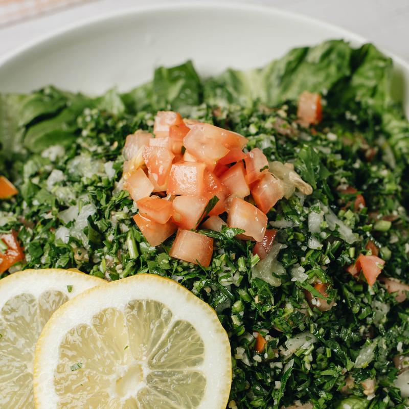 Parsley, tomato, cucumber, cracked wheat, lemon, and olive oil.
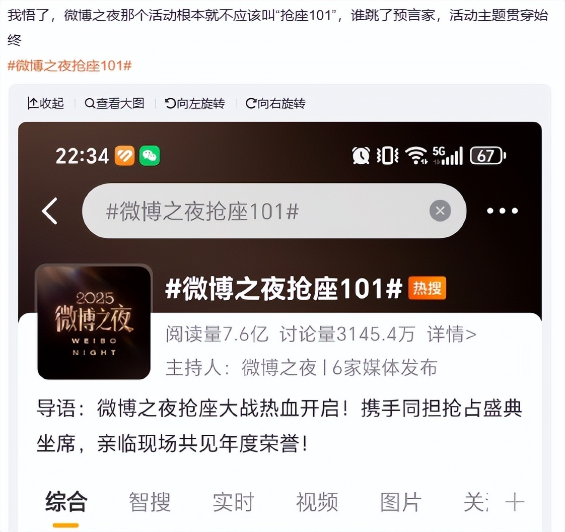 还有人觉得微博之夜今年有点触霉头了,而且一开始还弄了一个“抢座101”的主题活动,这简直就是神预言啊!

* * *

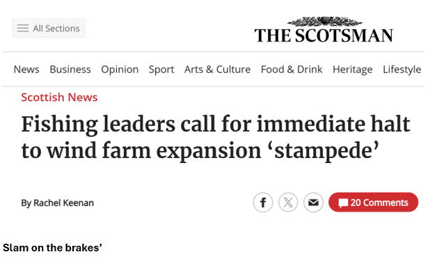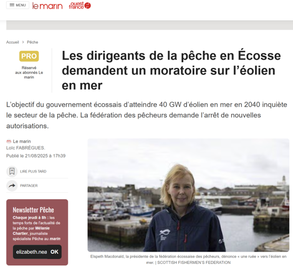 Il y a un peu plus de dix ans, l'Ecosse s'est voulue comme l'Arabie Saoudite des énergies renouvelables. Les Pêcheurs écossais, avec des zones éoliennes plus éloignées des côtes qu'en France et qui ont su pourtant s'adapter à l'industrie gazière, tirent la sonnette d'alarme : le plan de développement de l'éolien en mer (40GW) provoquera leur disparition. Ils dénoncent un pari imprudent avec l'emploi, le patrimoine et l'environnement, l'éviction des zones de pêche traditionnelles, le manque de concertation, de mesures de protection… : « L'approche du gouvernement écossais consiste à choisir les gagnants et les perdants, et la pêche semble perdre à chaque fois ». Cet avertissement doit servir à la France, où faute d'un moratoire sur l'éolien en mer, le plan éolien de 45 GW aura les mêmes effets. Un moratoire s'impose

ABOUT THIS TASK>
Within the listing above, print exactly the stretch beginning at the line that contains "Parsley, tomato, cucumber, cracked" and finishing at the line that contains "还有人觉得微博之夜今年有点触", ends kept, pictures left out, and nothing more.

RESPONSE BELOW>
 Parsley, tomato, cucumber, cracked wheat, lemon, and olive oil.
 还有人觉得微博之夜今年有点触霉头了,而且一开始还弄了一个“抢座101”的主题活动,这简直就是神预言啊!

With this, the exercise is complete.